For our new column, Ask an Educator, we turn to educators, whether teachers, tutors, or principals, to answer frequently asked questions from parents. To send in your question, email jessicasuotmaa@beijing-kids.com.
This week, our question is:
“What is experiential learning, and how is it taught in schools?”
Answering for us is Kyle Wagner, Futures Academy Coordinator at International School of Beijing.
What is Experiential Learning?
Experiential learning is basically learning through experience. Our strategy for teaching experiential learning is to take students outside of the classroom to experience learning in the real world. Learning occurs in the context of experiences, rather than via a textbook or lecture.
An example is the collaboration between Futures Academy and NiuLanshan students: “Project: We are One”, where each student is partnered with one from the other school to analyze the causes of water pollution and explore possible solutions with the goal of making a positive impact on the local waterway.
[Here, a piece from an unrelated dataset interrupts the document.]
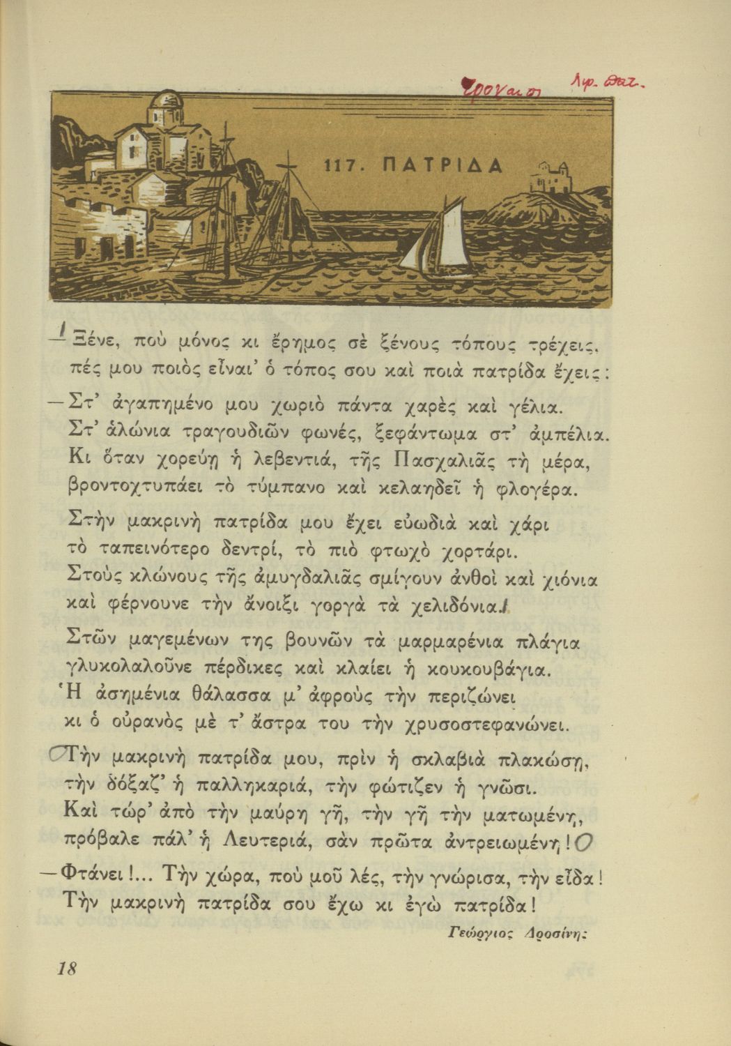 Αναγνωστικό ΣΤ΄ Δημοτικού που αντλεί τα θέματά του από τη θρησκευτική, εθνική, οικογενειακή, κοινωνική και επαγγελματική ζωή και την σύγχρονη ελληνική ιστορία. Φέρει το σύμβολο της δικτατορίας.

In this particular experience, students, rather than learn about water sampling in a school lab, had the chance to actually “experience” how professional scientists study water quality in the real world. They collected water samples in small jars, labeled the containers according to where they were found, took detailed pictures of the surroundings, and finally documented observations in their science journals. Later, students will also experience what biologists in the real world do to help improve water quality by visiting a local wetland to learn about water filtration.
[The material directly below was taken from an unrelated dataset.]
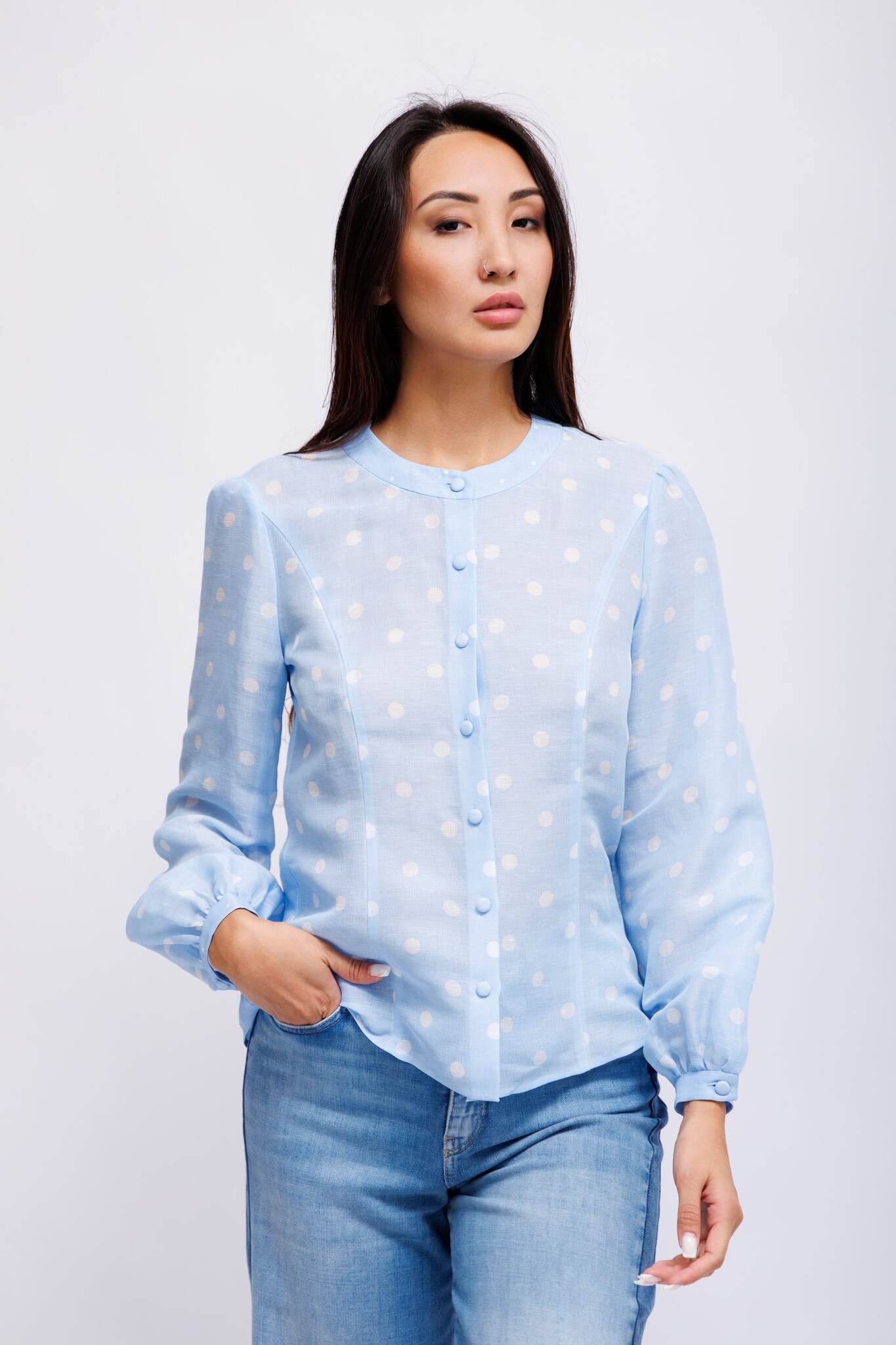 поражает своим ретро-шармом и высококачественным льном и шёлком. Она украшена оборками на рукавах и обтянутыми тканью пуговицами. Слегка приталенная талия и круглый вырез горловины дополняют её особенности.

What is the benefit of experiential learning?
By immersing students in real world learning, in addition to academic content students gain key 21st Century skills, such as critical thinking, problem solving, communication and collaboration. An example would be how current students are immersed
How is experiential learning taught in schools?
Experiential Learning is the cornerstone of learning at International School of Beijing’s Futures Academy, an innovative learning community that helps prepare students for a changing global society. Currently, ISB’s Futures Academy Program hosts 70 students and has seven facilitators spread across two grade levels.
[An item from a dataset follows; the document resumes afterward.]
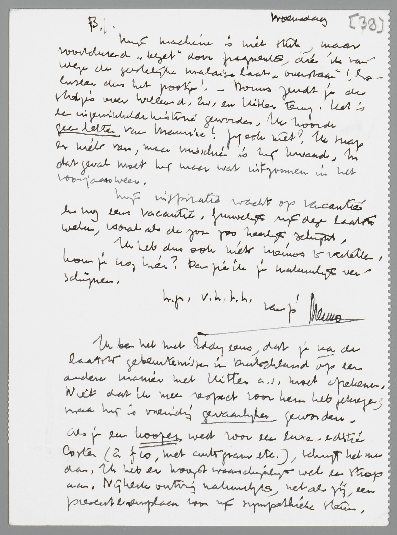 Mijn machine is niet stuk, maar voortdurend ‘bezet’ door fragmenten, die ik vanwege de geestelijke malaise laat ‘overslaan’! Excuseer dus het pootje! - Bouws zendt je de stukjes over Willem d. Zw. en Hitler terug. Het is een ingewikkelde historie geworden. Ik hoorde geen letter van Maurice! Jij ook niet? Ik snap er niets van, maar misschien is hij kwaad. In dat geval moet hij maar wat uitzonnen in het voorjaarsweer.

At ISB’s Future’s Academy, the classroom teachers are called “facilitators” who have their own subject- specific expertise, but rather than teach via lecture, they help guide and facilitate the students’ independent learning. In their relaxed, open space classrooms, students are in complete control of their learning with facilitators who help point them in the right direction, and get them to ask the right questions. At this point in the year, students have already created their own small businesses, posted and published short stories on the web, and learned to grow and produce their own food.